I also said well why don’t we set a video camera up in the room to record all night so you have evidence if needed it for the police. She says no as the neighbours will know about the camera and will come and get her. She goes on to say they have contacts all around the estate watching, and says they listen in on her calls.

She says as soon as I or anyone else leaves the lasers start to come through her blinds again. She also says when she stops at her friend’s house which is about 5 miles away, she saw the lasers there and believes drones have now followed her and that somehow she’s been tagged for the lasers to shine in to her at her friend’s house.

She’s suffered with mild anxiety and depression over the years, and could cope with everyday living, however the paranoia has started a few months ago. She says her GP said he believes her but would like someone to come to visit her to talk. I get the GP is at that time accepting her reality, avoiding any shock to her state of mind at that time and I believe it is a member of a mental health team planning to visit.

However my elderly mother is stubborn and proud, she is adamant there is nothing wrong with her and I know will just march anyone out of her home who tries to suggest mental health difficulties.

She displays psychotic behaviour, in this state her mind and memory becomes slightly fragmented and struggles to process her thoughts when in a state of paranoia. When she is not in this state can have a rational and meaningful conversation.

She currently copes by either sleeping it a room in her friend house, under her table or in her bathroom with a rubber mat over her, as she says the lasers don’t flash in these rooms, the rubber mat she says is to stop any radiation from the lasers burning her body. I expect you get a sense of what she’s going through without writing a longer story.

Its very hard to hear and see her behave in this way, to hear her talk in a reality that to her without any question of doubt is completely true and should not be denied.

I’m worried she wont accept any help and in time she finds her ways of coping wont be as effective, in turn struggling to find ways of coping anymore.
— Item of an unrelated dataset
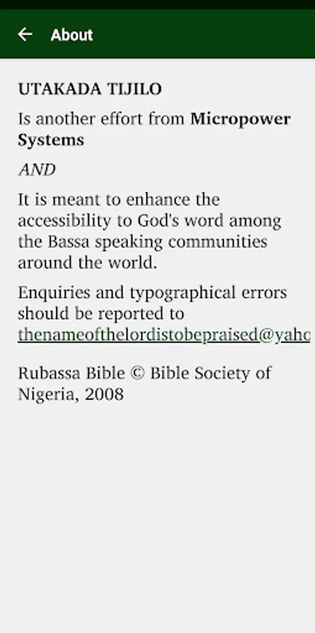 This is Bible in Bassa language and it is meant to enhance the access to God's word among the Bassa people around the world.

She’s no risk to herself or others, but cannot help but consider how she will cope when or if coping methods begin to no longer be effective and if there is risk in the future to harm herself, even take her own life.
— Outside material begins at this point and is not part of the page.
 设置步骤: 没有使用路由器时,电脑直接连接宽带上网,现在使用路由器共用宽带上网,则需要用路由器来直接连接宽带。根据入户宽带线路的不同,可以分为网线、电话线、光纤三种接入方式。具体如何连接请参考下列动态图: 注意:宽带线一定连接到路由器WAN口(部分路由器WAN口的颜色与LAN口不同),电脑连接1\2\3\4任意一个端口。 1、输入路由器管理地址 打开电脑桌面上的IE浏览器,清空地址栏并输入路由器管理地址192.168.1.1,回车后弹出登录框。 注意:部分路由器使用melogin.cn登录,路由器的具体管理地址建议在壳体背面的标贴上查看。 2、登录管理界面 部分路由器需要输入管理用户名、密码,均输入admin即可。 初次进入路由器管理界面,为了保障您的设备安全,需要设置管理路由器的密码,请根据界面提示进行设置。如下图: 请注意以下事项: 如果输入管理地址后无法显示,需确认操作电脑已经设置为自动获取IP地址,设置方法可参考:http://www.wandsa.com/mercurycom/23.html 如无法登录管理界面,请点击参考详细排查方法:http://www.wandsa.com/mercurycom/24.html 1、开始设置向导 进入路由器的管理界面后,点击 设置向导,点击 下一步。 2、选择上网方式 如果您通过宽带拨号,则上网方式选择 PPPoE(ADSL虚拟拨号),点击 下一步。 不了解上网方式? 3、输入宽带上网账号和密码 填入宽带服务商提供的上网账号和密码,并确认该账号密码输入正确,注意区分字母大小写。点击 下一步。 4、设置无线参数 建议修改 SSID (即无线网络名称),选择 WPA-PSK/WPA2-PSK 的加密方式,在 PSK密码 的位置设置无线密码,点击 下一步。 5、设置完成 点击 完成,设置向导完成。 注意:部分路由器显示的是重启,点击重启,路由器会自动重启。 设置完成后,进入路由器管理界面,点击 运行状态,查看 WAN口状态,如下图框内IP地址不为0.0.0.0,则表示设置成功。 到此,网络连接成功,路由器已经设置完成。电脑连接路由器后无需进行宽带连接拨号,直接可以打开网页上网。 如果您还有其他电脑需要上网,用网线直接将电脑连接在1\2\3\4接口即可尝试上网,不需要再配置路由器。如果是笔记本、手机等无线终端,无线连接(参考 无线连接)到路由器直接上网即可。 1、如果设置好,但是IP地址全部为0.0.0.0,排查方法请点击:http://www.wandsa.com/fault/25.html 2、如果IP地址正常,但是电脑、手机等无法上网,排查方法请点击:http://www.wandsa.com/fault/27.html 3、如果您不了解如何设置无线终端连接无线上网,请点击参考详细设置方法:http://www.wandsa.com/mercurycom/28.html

Shes even thinking of moving home to get away, but im worried if this was her choice and she still sees lasers that she may come to consider she can never escape them,

Ive even worried about what if she is sectioned? I know this will see her off. That for her is not a thought that would ever enter her mind.

Its early days and the paranoia affecting her daily living is not yet severe as she can live a normal life when not in this state.
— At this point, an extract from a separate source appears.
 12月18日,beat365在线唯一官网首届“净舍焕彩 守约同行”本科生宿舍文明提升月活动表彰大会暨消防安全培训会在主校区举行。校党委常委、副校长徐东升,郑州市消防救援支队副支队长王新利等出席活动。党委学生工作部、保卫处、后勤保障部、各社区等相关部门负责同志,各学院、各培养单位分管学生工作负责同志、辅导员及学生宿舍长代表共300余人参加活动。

So, I thought I would ask what things I can do? Or maybe what kind of mental health difficulties these behaviours might signify, whats going on with her that I can explore would be a condition? or whats a good way to support her.? I accept her reality in order not to challenge her to dent everything she has created a strong belief on, and at times tactfully suggest exploring what things are not contributory to whats happening as a way for her to entertain what facts are available to validate her experiences. But careful not to show I have a different belief as to her belief, otherwise will shut me out. Any help or opinions appreciated. Thank you.